When passing a matrix into a function, a copy is made. It’s not possible to change a value and make it visible to the caller, except by returning a new value and having the caller explicitly reassign a variable. Although the lack of pass-by-reference reduces confusion, it makes it harder to modularize algorithms that need to update data in place.

Strings are weird
u = 'abc';
v = ['abc'];  % Identical to u
w = [v, 'def'];  % Equal to 'abcdef'
x = ['ghi'; 'jkl'];  % OK, column of 2 strings
y = ['mn'; 'opqr'];  % Error: Mismatched row lengths
z = {'mn'; 'opqr'};  % OK, cell array

Strings essentially behave like row vectors of characters, not like atomic values. This is why a list of strings is usually chosen to be represented as a cell array, not as a matrix.

Cell arrays are weird
a = cell(2, 2);
a{1, 1} = 5;
disp(a{1, 1});  % 1*1 matrix, i.e. [5]
disp(a(1, 1));  % 1*1 cell array, i.e. {[5]}

Cell arrays are a recursive/nestable heterogeneous data structure, unlike flat matrices of numbers. Indexing into a cell array requires some care to distinguish between getting a sub-array versus getting an element value.

Dummy overloading arguments

Calculating the maximum (or minimum) of a matrix M along a certain dimension d uses the syntax max(M, [], d), with [] being a constant dummy argument. This contrasts with other summarization functions like sum, which uses the notation sum(M, d) to operate on a certain dimension.
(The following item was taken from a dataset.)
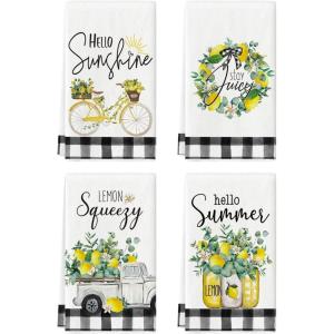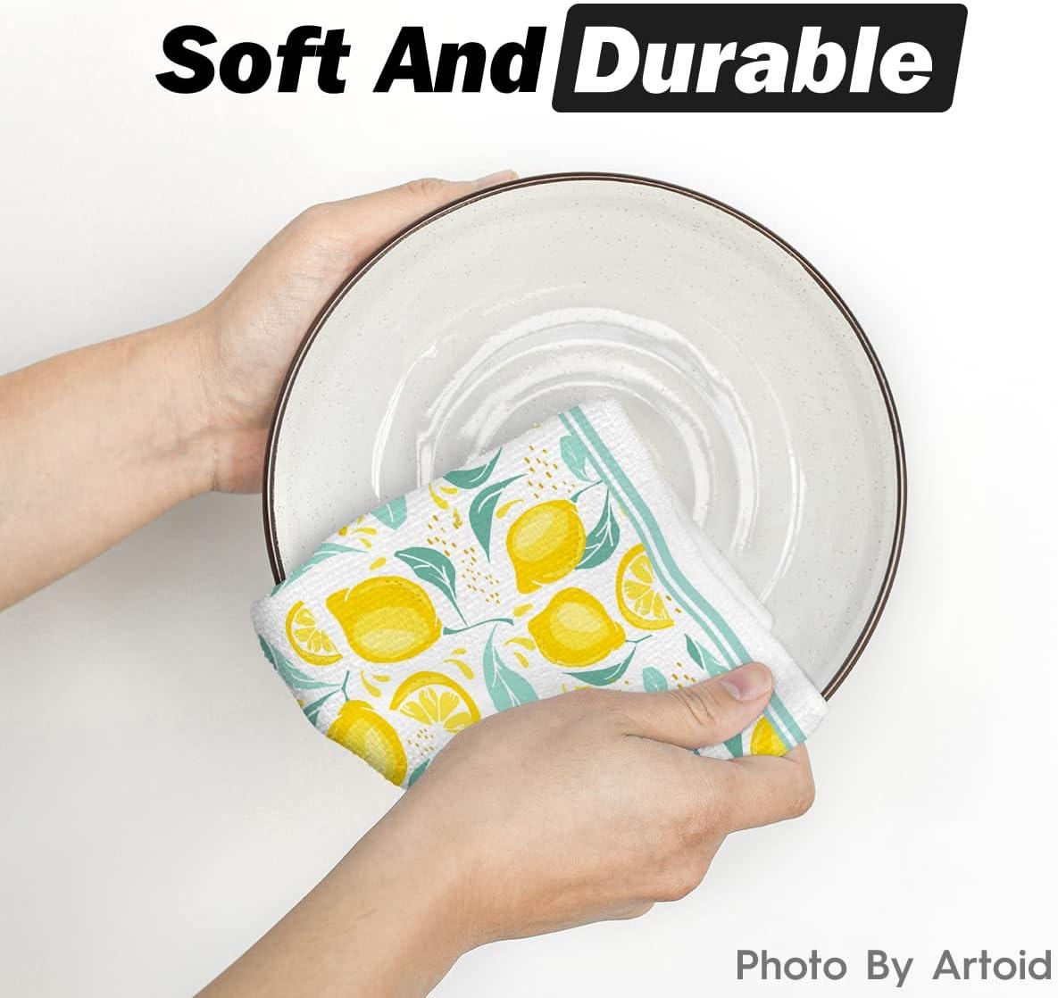 Artoid Mode It’s Summer Time Lemons Kitchen Dish Towels, 18 x 26 Inch Seasonal Summer Fruit Ultra Absorbent Drying Cloth Tea Towels for Cooking Baking Set of 4

The dummy argument is necessary to disambiguate from the 2-argument form max(A, B), which calculates the maximum of each pair of elements between matrices A and B.

Semicolon suppresses printing

Many kinds of statements will print the value of the statement if it doesn’t end in a semicolon. For example, variable/array assignments and function calls are printed. Adding a semicolon suppresses the print, and it is rare to print values except when designing and debugging code. Although the semicolons make MATLAB code look more like C, they are a form of syntactic salt to work around the annoying default behavior of printing almost every value. A similar example can be found in Windows batch scripts, where every command is printed unless it’s prefixed with @.

1-based array indexing
temp = [99, 47];
disp(temp(1));  % Prints 99

A few languages oriented to beginners will count arrays from 1, such as BASIC, Lua, and Mathematica. Most serious languages count from 0, including C, C++, C#, D, Java, JavaScript, Python, Ruby, assembly, and the list goes on. There are many great reasons to start indexes at 0. One of them is that if the array is represented by a pointer to its head element, then stepping forward by 0 slots will give you the head element. Another reason is that multi-dimensional indexing is like pixels[y * width + x], but in 1-based indexing the code would be like pixels[(y - 1) * width + x].

Inclusive end index
temp = [31, 41, 59, 26, 53];
disp(temp(2 : 4));  % Equals [41, 59, 26]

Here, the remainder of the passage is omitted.